Many have criticized and gawked at Yo’s hype, $10 million valuation, and over-simplicity, including Stephen Colbert, who not long ago, exploited Yo’s functionality as a butt of a joke on his television show, The Colbert Report. However, others have foreseen the attainable value of Yo such as Fast Company, who recently included the San Fransisco start-up in the “Top 10 Most Innovative Social Media Companies of 2015.” Furthermore, The Wall Street Journal believes Yo is “not a complete joke” and Wired Magazine calls the app, “a glimpse of how our phones are going to start working more and more in the near future.”

Yo is beginning to bridge the gap between users and their dearest content providers and services, streamlining communication and creating a hub for notifications. Or Arbel, Yo’s creator and CEO shares Yo’s goal “is to be the most efficient way to move information.” Focused on removing friction, Yo is continuing to grow in size and functionality. This March at The SXSW Interactive Conference in Austin, Texas, Arbel revealed Yo’s plan to work with the upcoming Apple Watch in regards to pushing notifications straight to users’ wrists. In a recent interview with Advertising Age and Ryan Morris, Yo’s Head of Business Development, Morris suggests that “[Yo] is here to stay.”

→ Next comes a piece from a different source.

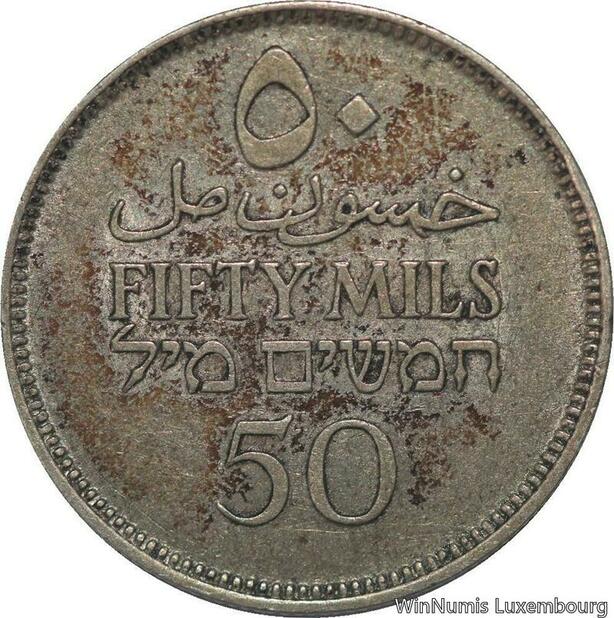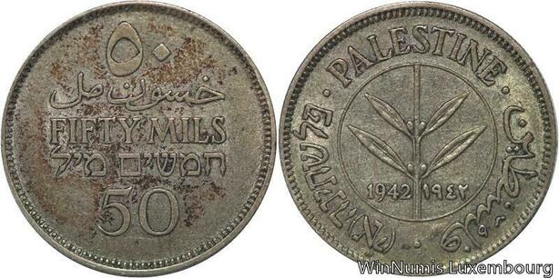 R6333 Palestine British Mandate 50 Mils 1942 London Silver -> Make offer

While Yo has already reached #1 in the Apple App Store, accumulated over 3 millions downloads and has allowed more than 140 million “Yo’s” to be sent, Yo is beginning to target and become a valuable service to smaller, local businesses and organizations. Most recently, Yo has reached Lancaster and Franklin & Marshall College, allowing less monstrous businesses and organizations to push notifications and content to interested subscribers, by-passing the disarray of pre-existing, overwhelming and predominately, uninteresting content floating out there. Skinny Park Juice (SKINNYPARKJUICE), The Souvlaki Boys (SOUVLAKIBOYS) and Lancaster Cupcake (LANCASTERCUPCAKE) have joined Yo as a means to share high-quality, intimate content with subscribers, consequentially building relationships and safely knowing that they are not overseen. Social organizations at F&M such as Spoon (SPOONFANDM) and The College Reporter (COLLEGEREPORTER), have also joined Yo in order to share content with subscribers who don’t want to miss out on a critical story or update.

While Yo is not the be-all to end-all mobile application as of yet, and while its future is uncertain, its noble effort to alleviate digital resistance and abrasion is what should be acknowledged and commended. Can two letters possibly revolutionize they way we communicate or share and receive information? As we demand more and more simplicity and organization throughout our daily lives, a tap and a “Yo” doesn’t get more simple than that. Yo? Yo!